At least 2 workstations, each with a 27-inch monitor, were provided to each participating site and located in a room simulating a clinical practice environment. The diagnosis for each case was entered electronically into the EDC electronic database by each reading pathologist. Staging parameters on cases requiring staging were entered on paper using templates that incorporated key elements of CAP synoptic templates for each organ. The time that a pathologist either opened or closed a case in the EDC system was logged. Reading pathologists were allowed to freely consult textbooks and other literature online, whether using microscopy or WSI. Identical clinical information was provided to reading pathologists for both modalities. Information regarding prior diagnoses on the same patient was not provided. Reading pathologists were not allowed to request recuts or any additional special stains beyond those already provided, or to consult with other pathologists. The randomization process ensured that the order in which cases were presented to the reading pathologist for microscopic interpretation was different than the order for WSI interpretation.

Each diagnosis by a reading pathologist on a case (whether by WSI or microscopy) was termed a “read.” As each case from any participating institution was interpreted twice by 4 reading pathologists, there were 8 “reads” per case, not including the original sign-out diagnosis.

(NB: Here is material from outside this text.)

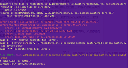 Hi Under SOCEDS v20.1 and Quartus Prime lite 22.1std using MSYS2 running make generate_from_tcl failed duel to the QUARTUS_ROOTDIR error, following is the printscreen of the error: My variabl...
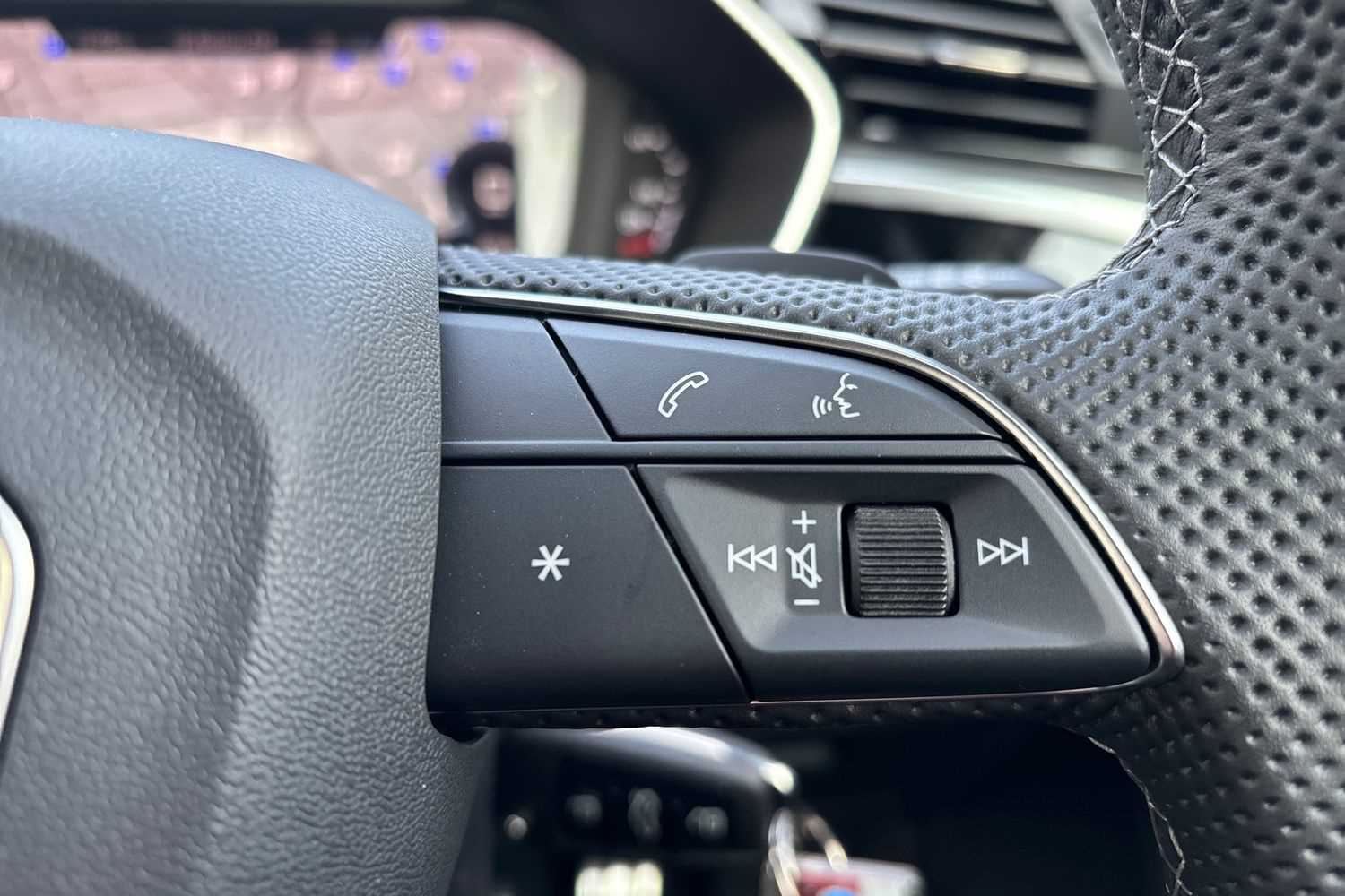 "Steering wheel mounted audio controls"

Back to Top | Article Outline

Adjudication Phase

The diagnosis rendered by the original pathologist who signed out the case in the course of routine patient care using a microscope was considered the reference standard. A central panel of 3 “adjudication pathologists” independently determined the level of concordance between microscopic and WSI diagnoses and the reference standard. The adjudication panel did not include any of the enrollment pathologists or reading pathologists, and was selected from institutions different than the 4 centers that participated in enrollment and reading. Each adjudication pathologist had at least 10 years of relevant experience.

Two adjudication pathologists were provided a list of paired diagnoses, blinded to method of diagnosis (microscopy or WSI), reading pathologist and participating site/institution. Adjudication pathologists did not view glass slides for any case. Using an Adjudication Charter for each organ system, adjudication pathologists placed each pair of diagnoses into one of 3 categories: concordant, minor discordant or major discordant. In keeping with widely accepted definitions, a major discordance was defined as a difference in diagnosis that would be associated with a difference in patient management.32,44 In case of a disagreement between the 2 adjudication pathologists on the level of concordance between 2 diagnoses, the third adjudication pathologist served as a tie-breaker. The primary endpoint of the study was the difference between major discordance rates for microscopy and WSI by comparison with the reference standard. The study design is summarized in Figure 1.

FIGURE 1

FIGURE 1

Back to Top | Article Outline

RESULTS

A total of 1992 cases (3390 slides/3390 images) were included in the full analysis set, of which 923 slides (27%) were either immunohistochemical stains or special stains. The range of slides examined was 1 to 16 slides per case. Ten cases had 10 or more slides per case. Scanning performance is shown in Table 2. In the first scan of these 3390 slides, the Philips IntelliSite Pathology Solution was able to automatically detect an issue, such as no tissue or label detection, for 77 slides (2.3%). The images from 70 slides (2.1%) did not pass the image quality check by the scanning operator for slide-related issues such as prior ink markings, broken slides or debris on the slide. For 55 images (1.6%) the scanning technician identified an out of focus image (54 images, 1.6%) or missing tissue (1 image, 0.03%).

TABLE 2

TABLE 2

In the second scan (in cases where this was required), the Philips IntelliSite Pathology Solution was able to automatically detect an issue for 21 slides (0.6%). The images from 7 slides (0.2%) did not pass the image quality check by the scanning operator for slide-related issues. For 22 images (0.6%), the scanning technician identified the image to be out of focus for 21 images and found “venetian blinds” at high magnification for 1 image. For clinical study operational reasons, slides were rescanned a maximum of 5 times before they were enrolled into the study.

Reading times were derived from available system data. Reading time was defined as the time it took a pathologist to open the case, read all available information, diagnose the case and enter the diagnosis in the system. Approximately 94% of reads were completed within 30 minutes of reading time. Reading times longer than 30 minutes were considered to not reflect the actual reading time since such instances generally occurred due to external factors; for example, the reader opened the case, was interrupted during the read, and forgot to close the case, resulting in an incorrect log. For exploratory analyses, and assuming that this would have the same effect on microscopic reads as on WSI reads, it was decided to include only times shorter than 30 minutes for the analysis. The mean reading time for microscopy was 78 seconds and the mean reading time for WSI was 84 seconds. The mean difference between the reading time for WSI and the reading time for microscopy was 6 seconds with a 95% confidence interval (CI) of (0.03-0.12). One site in the study performed a detailed analysis of reading times, which is being published in a separate manuscript.45

The number of cases by organ system, diagnosis and specimen type is shown in Table 1. For 1992 cases, a total of 15,936 reads (1992×8) was expected. However, 11 reads (7 by microscopy, 4 by WSI) were excluded as reading pathologists selected “no diagnosis” for a variety of reasons, yielding a total of 15,925 reads (7961 by microscopy, 7964 by WSI).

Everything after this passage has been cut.